Today though I want to talk to you about Coding in Schools, there is much hype about the Raspberry Pi, about it showing kids how to code again, like on the BBC Micro all those years ago. I actually came to my junior school in 1985 slightly after the bust period in that computer boom. By the time I had left in 1989 I had played on the BBC Micro a few games, learned to roughly program the turtle to draw a shape on the floor and to see the first Archemedies model computer be bought by the school.
At home I always had slightly better technology, I had a Commodore with its brand of Basic, which I did knock up a few programs on and did spend time learning to type with.
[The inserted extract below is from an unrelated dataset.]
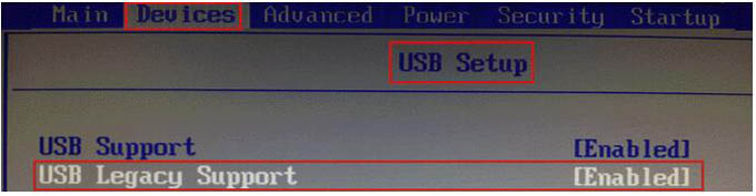 补充:2012年以后生产的电脑多数不再使用BIOS作为固件,而是采用UEFI作为固件(但也提供兼容选项,见硬盘版相关说明),当使用此方法时,开机列表中很有可能没有USB选项,怎么办?解决办法是:开机按“Del”键(有的电脑是按“F1”或“F2”,有的电脑按“Fn+F2”....)进入UEFI。首先,选择 Devices -> USB setup -> USB Legacy Support 设置为 Enabled,如下图。

Also, I always had a fascination with my Mum's type writer, and being quite young had no real creativity, or rather I didn't know I was allowed to just make stuff up, so I would type out passages from books we had around me, Thomas the Tank engine being a favourite.
All this lead to my pretty much ignoring IT as a GCSE topic, I took one look at the syllabus and also had heard a lot about the teacher being prosecuted for touching a lass up in another class, and pretty much passed on that and went onto fail French in spectacular style.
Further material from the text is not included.